The word tsimmes (pronounced SIMM-es) comes from the German “zum Essen” and then Yiddish, where it came to mean “a fuss” or “big deal.” Unlike other holiday dishes where you just put a piece of meat in the oven, this one requires peeling vegetables and cutting them up — so maybe that was the fuss.
In the Middle Ages, it was first eaten in Germany as a meat stew with parsnips and turnips, according to the “Encyclopedia of Jewish Food,” which was published in 2010. Cooks added carrots when they became readily available in the 15th century; cut in circles like coins, they came to signify a wish for success in the new year. In later centuries, the dish went east with Jewish migration to Poland and Russia; potatoes were added in the 19th century, as were honey, plums and apricots for sweetness. (My husband’s mother made her tsimmes as a side dish with only carrots and honey, as they did in her native town of Zamosc, Poland, before World War II.)
When tsimmes traveled across the ocean to America in the late 19th century with mostly Eastern European Jewish immigrants, it became still sweeter with the introduction of sweet potatoes alongside white potatoes (later replacing them altogether), and the addition of brown sugar and cinnamon.

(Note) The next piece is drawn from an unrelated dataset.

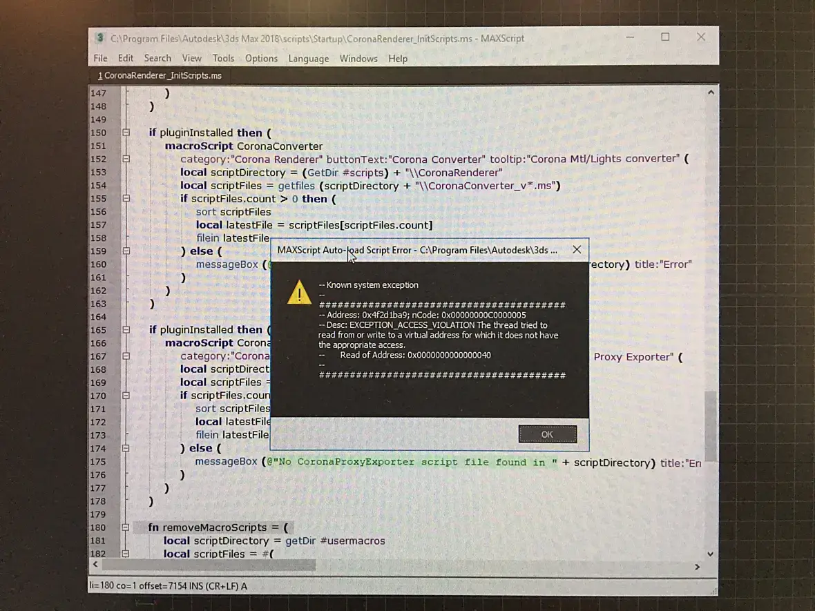 "вдруг" при старте макса 2017 с короной стало вылезать сообщение об ошибке скрипта CoronaRenderer_InitScripts.ms

In Argentina, where tsimmes is sometimes served in a large pumpkin, it is similar to carbonada criolla, with meat, sweet potatoes and carrots, but also corn, squash and other vegetables found in South America. In Mexico, the dish might include chile powder, cilantro, mangoes and beans. And Lithuanian Jews, including those in South Africa, may add beets, with some cooks topping their tsimmes with a kugel crust made from potato and matzo meal for Passover.
When I asked Debbie why her dish tasted so good, she said that she makes it just the way her mother did, with only three ingredients: carrots, sweet potatoes and flanken, the German and Yiddish term for the chuck short ribs cut from the first five ribs, which are leaner and better for braising than plate short ribs. No spice, no onions.
Like Debbie I used flanken, but basically any cut with short ribs will do, as will high-quality beef stew meat. I kept the bones in for flavor and, rather than skimming the fat as it cooked, I put the stew pot in the refrigerator overnight so I could easily remove the hardened fat the next day. (A generation or two before me, people would have used that fat for cooking and baking.)
I played around with the dish in my kitchen, adding a bay leaf and onions for the slow cooking of the meat. I also substituted the white Japanese sweet potatoes that I love for yellow yams or sweet potatoes, and added pitted prunes; no need for brown sugar or honey. Debbie suggested adding a little matzo meal to thicken the broth, but I found no need for that.
I tore the meat into individual portions just before serving, and thought of discarding the bones. Debbie cautioned against that. “When I was a kid, I loved to suck the bones,” she said. And so, I left the bones in, just in case someone else, like Debbie, felt nostalgic for them.